Obama panel urges new limits on NSA spying powers, does not recommend data collection stop


Undated aerial handout photo shows the National Security Agency (NSA) headquarters building in Fort Meade, MD.

"A panel of presidential advisers who reviewed the National Security Agency's surveillance practices urged President Obama on Wednesday to end the government's systematic collection of logs of all Americans' phone calls, and to keep those in private hands, 'for queries and data mining' only by court order," Charlie Savage and David E. Sanger report in the New York Times.

The White House released the panel's 300-page report today. [PDF Link]

The Guardian is liveblogging analysis of the report here.

Here's the Electronic Frontier Foundation's initial statement:

The President's Review Group today recognized the severe risks caused by the government's mass spying on Americans and people around the world, joining the global consensus that the NSA has gone too far. The group's report included over 40 recommendations for promoting transparency, protecting online security tools, and making organizational reforms to the NSA, the Foreign Intelligence Surveillance Court and the civil liberties oversight bodies.
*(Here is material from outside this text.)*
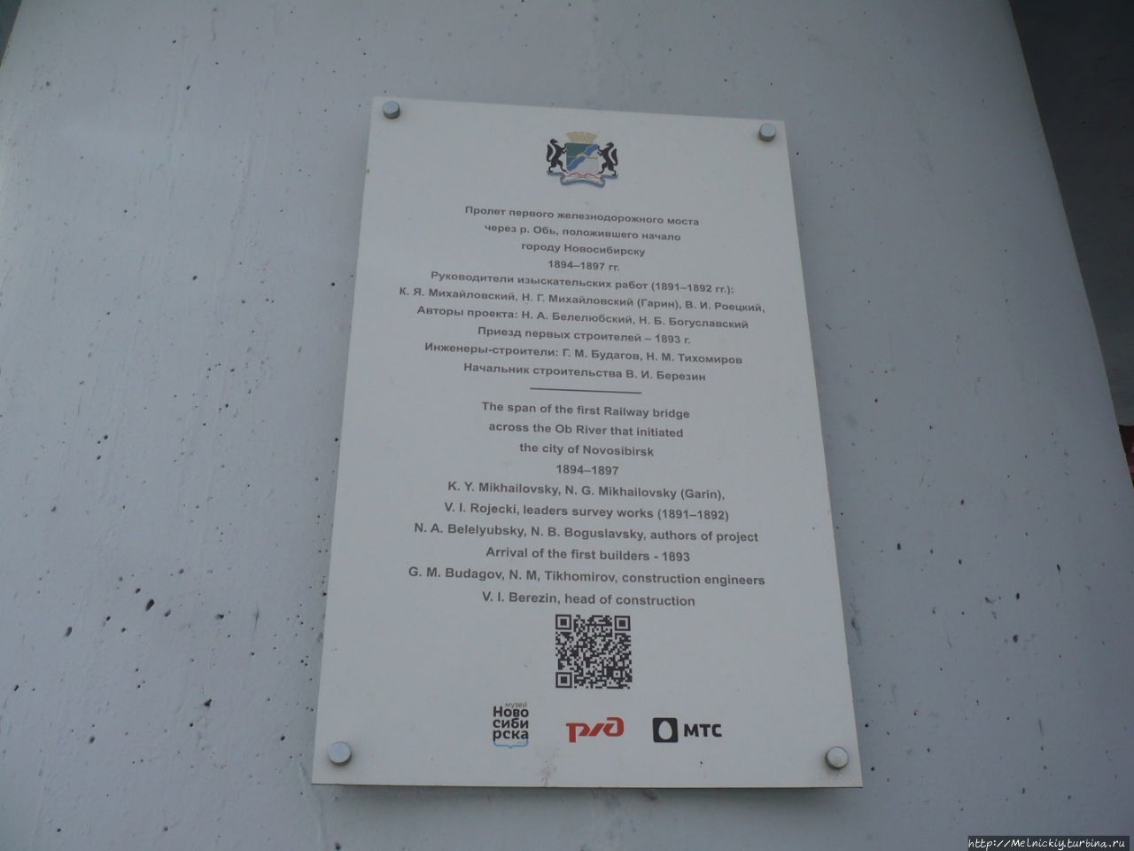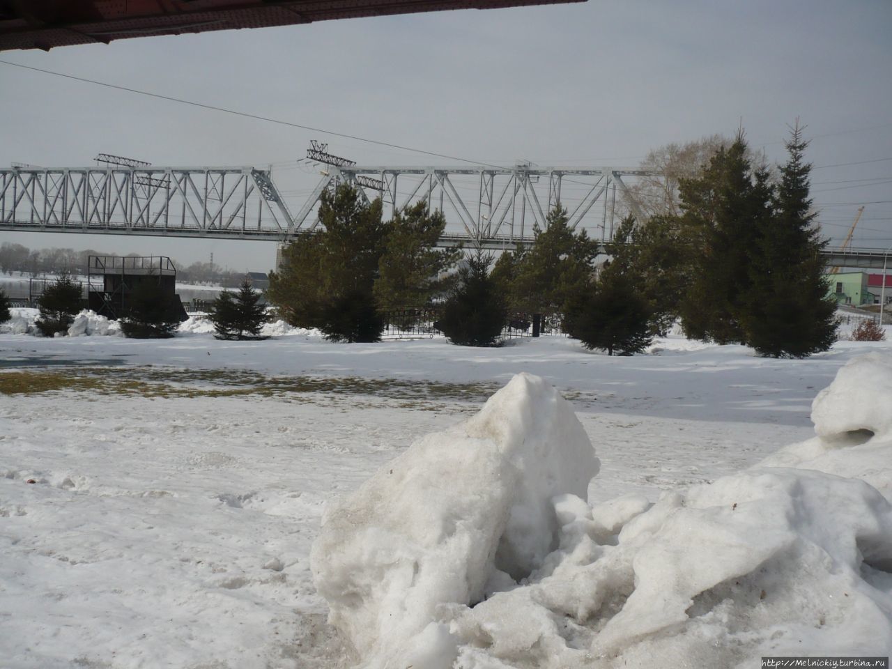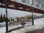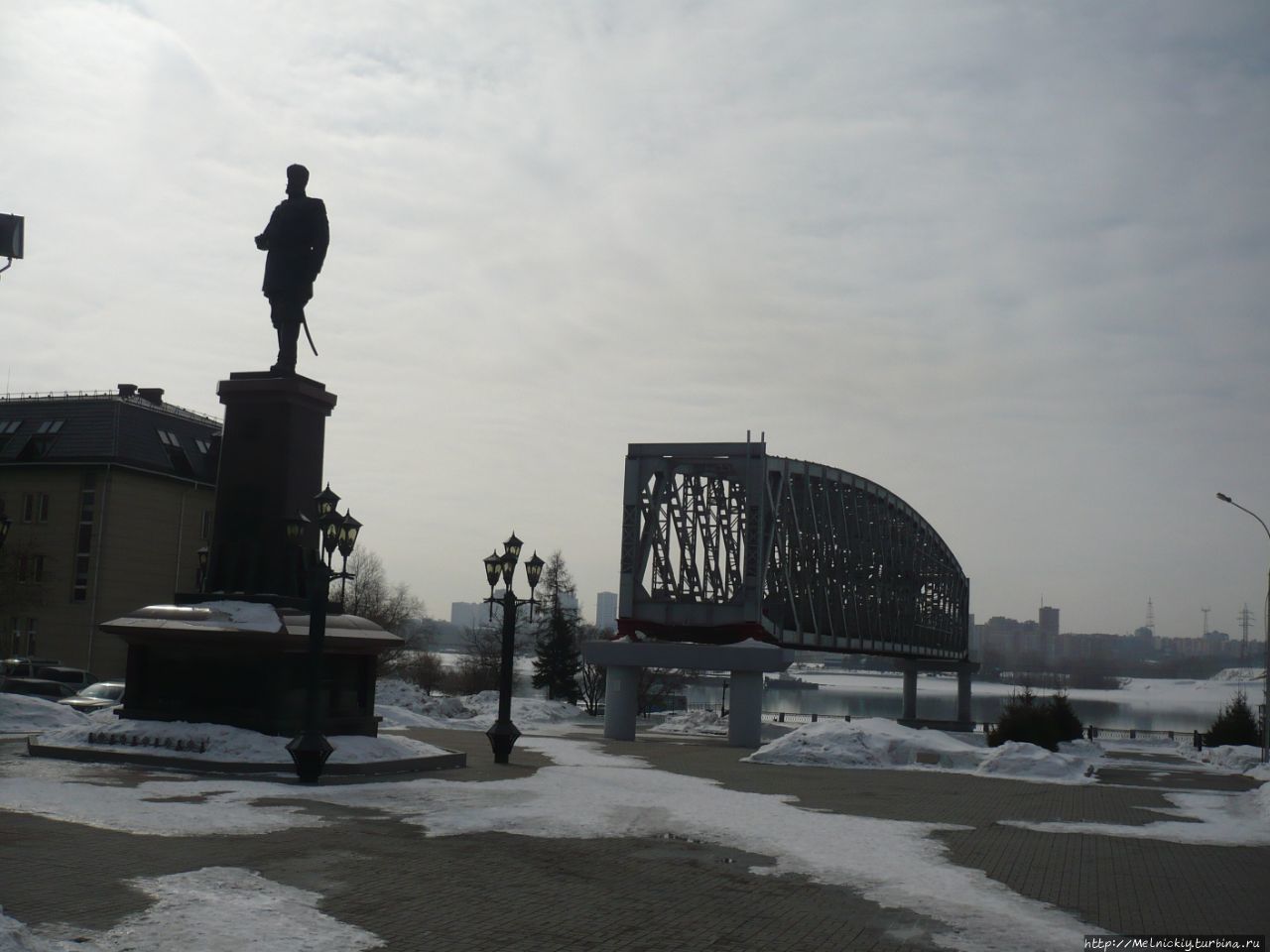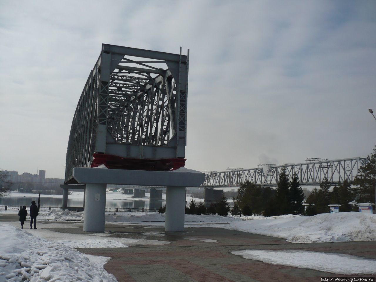 А за памятником императору есть еще один памятник – пролет первого железнодорожного моста через реку Обь. Мост был возведен в 1897 году по проекту петербургского профессора Н.А. Белелюбского. Он состоял из девяти пролетов, один из них был взят за основу монумента.

However, the report left open the door for future mass surveillance and failed to address the constitutionality of the NSA's mass spying, recently questioned by the D.C. federal court and raised by EFF in its multiple lawsuits.

"The president's panel agreed with the growing consensus that mass electronic surveillance has no place in American society," EFF Senior Staff Attorney Kurt Opsahl said. "The review board floats a number of interesting reform proposals, and we're especially happy to see them condemn the NSA's attacks on encryption and other security systems people rely upon. But we're disappointed that the recommendations suggest a path to continue untargeted spying. Mass surveillance is still heinous, even if private company servers are holding the data instead of government data centers."

"We're concerned that the panel appears to allows the NSA to continue the mass collection of emails, chats and other electronic communications of Americans under the pretext that the NSA is 'targeting' foreigners overseas," said EFF Activist Trevor Timm. "While we're happy that the panel acknowledged that foreigners abroad need some additional privacy protections, mass surveillance isn't acceptable for Americans or foreigners."